The weather’s not helping. The skies have been gray for a month, and the moviegoers are irritable. My stress buttons are out there, waiting to be pushed. When I duck my head into the box to scoop some corn, the popper spits a drop of hot oil onto my cheek.

“Shit!”

I take time with the butter, hoping to quell my frustration. But my customer has noticed, so I’d better acknowledge it.

“Sorry. Our popper likes to spit oil on me.” I hand her the bag.

She smiles. “Maybe it’ll leave a beauty mark and you’ll look like Cindy Crawford.”

She’s a blonde lady in her fifties. Something about California baby boomers makes them cooler with stuff like this. God bless her.

“Hey Jazz. Why don’t you take your lunch?”

Javid, my savior. He always knows what I need.
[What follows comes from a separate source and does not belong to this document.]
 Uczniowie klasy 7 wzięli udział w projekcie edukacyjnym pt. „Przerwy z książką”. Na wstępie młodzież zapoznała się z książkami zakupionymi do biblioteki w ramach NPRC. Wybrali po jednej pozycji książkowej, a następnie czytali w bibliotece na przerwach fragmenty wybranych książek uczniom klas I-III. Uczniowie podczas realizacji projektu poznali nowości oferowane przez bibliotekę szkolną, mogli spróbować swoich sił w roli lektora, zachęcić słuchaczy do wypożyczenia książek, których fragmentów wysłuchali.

If he was thirty years older, I might go out with him.

“Thanks, Jav. 45 okay?”

“Go for it.”

I am thankful for the power bar I had at break, because I have something in mind that is not related to food. I head across the street to the store with the curious name. The owner is perched at his counter, applying price tags to a stack of Darwin fish magnets. I’m tempted to do the noncommittal browser thing, but I’m short on time, so I head straight for the source.
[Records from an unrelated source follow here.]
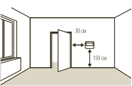 Место для установки хронотермостата также следует выбирать с учетом того, что данный прибор измеряет температуру воздуха помещении. Чтобы на показания встроенного сенсора не влияли внешние факторы, программатор не следует устанавливать вблизи радиаторов, дверных проемов (рекомендуемое расстояние – не менее 30 см), в местах прохода внутри стен трубопроводов, воздействия прямого солнечного света, на внешних стенах, в помещениях с нестандартными температурой и влажностью (кухня и ванная и т.д.). В месте размещения модуля VT.DC1000 должна быть хорошая циркуляция воздуха. Рекомендуемая высота установки – 1,5 м от пола (рис. 7).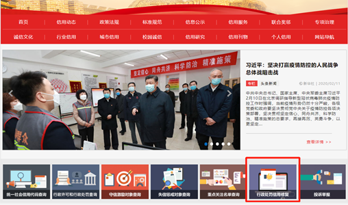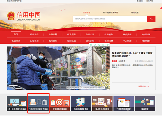 1.    在信用中国网站首页打开“行政许可和行政处罚查询”模块。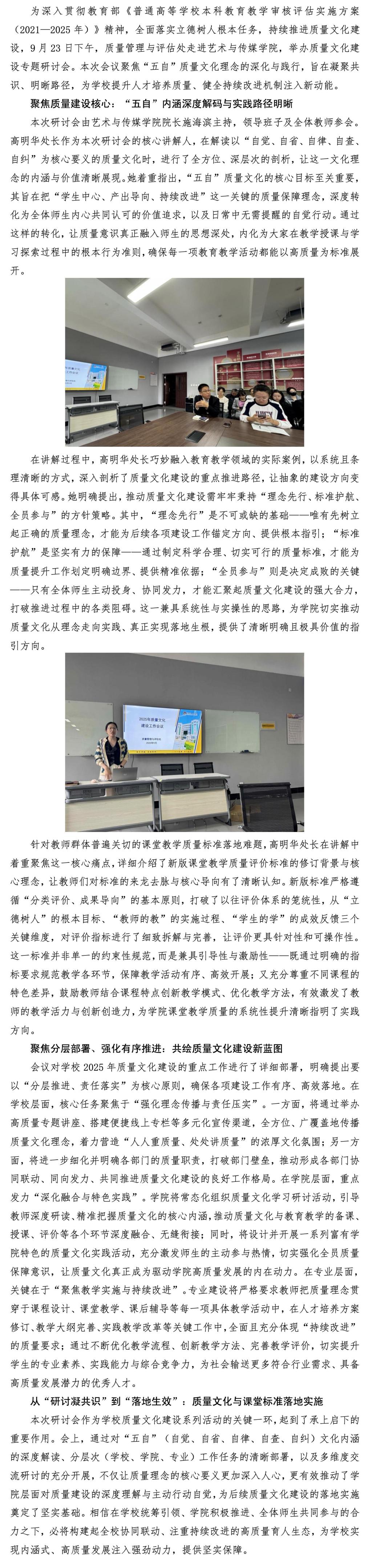 「质量文化建设」我校质量文化建设系列活动走进艺术与传媒学院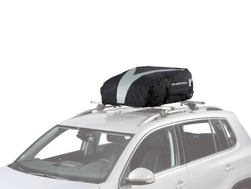 Обратите внимание! Мягкий автобокс на крышу устанавливается не на саму крышу автомобиля, а на багажник. Сначала необходимо закрепить на крыше поперечины багажника (см. фото 1), а потом уже на них ставится бокс (как на фото 2). Если у вас нет поперечников, вы можете подобрать их для своей марки авто здесь.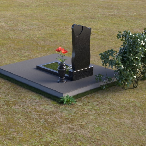 Дополнительным элементом композиции служит горизонтальная плита, выполненная из того же материала, что и стела. Она создает ощущение устойчивости и надежности, подчеркивая монументальность сооружения. На эту плиту можно возложить цветы или установить лампадку, чтобы почтить память усопшего. Рядом со стелой установлена небольшая ваза из черного гранита, предназначенная для живых цветов. Ее классическая форма и строгие линии гармонично дополняют общий стиль памятника.

“So what does The Free Thinker mean?”

He laughs, and I realize right away that this is his calling card, his secret power. It’s a deep, manly laugh, absolutely heartfelt.

“I thought of calling it the Atheist Shoppe, but I thought that might be a little forbidding.”

“That’s funny,” I say. “I’ve been thinking of becoming an atheist.”

I feel a little rush, like I just stepped off the high dive. He makes again with the laugh; he really should hire out to comedy clubs.

“I like the way you put that. But there is a distinction. You don’t really become an atheist. It’s more like discovering you’ve been one all along.”

Behind his spectacles are small eyes that appear to be hazel, but they give off flashes of blue and green as he shifts his gaze.

“So how does one go about discovering one’s atheism?”

“Raised Christian?”

“Serbian Orthodox.”

“Ooh. Tough one. I would say, you should start by studying some Christian history.”

“Isn’t that what I’m trying to get away from?”

“A religious upbringing is miles thick. You’ve got a lot of mythology to shed. And the best place to start is Paul.”

He pulls up an old-looking green book.

“It’s an analysis of the New Testament, and especially Paul’s epistles, written by a Talmudic scholar.”

“Talmudic?”

“The Torah. The Old Testament. Paul basically created Christianity, and this…” He stops himself. “I’m sorry. Why don’t you read this without any pretext? We can always talk about it later."

“Awesome! How much?”

“Ten bucks.”

“That’s all?”

“I tend to find these at yard sales.”

“Thanks!”

I hand him money that should be going to my rent. When he hands me my change, I see his long fingers and I smile.

“Hey! You’re the guy with the raindrop riverraft.”

“Pardon?”

“Huckleberry Finn.”

“Oh! Yes.” He gives me an awkward smile.

“I’m Jasmina. I work at the moviehouse.”

“I thought you looked familiar. I’m Paul.”

“Now that’s funny.”

He nudges his glasses. “Should I tell you the standard story?”

“By all means.”

“On the road to Tarsus, I was struck down, and I saw a bright light. Then I realized it was a BART train, I was in Berkeley, and I was very drunk.”

“That’s good. But then, shouldn’t your name be Saul?”

“I enjoy the irony.”

“Irony is good. I’d better get going so I can grab a snack. ‘Bye.”

“Thanks for coming in!”

I exit to find the sky still gray. The green book feels hot in my hand.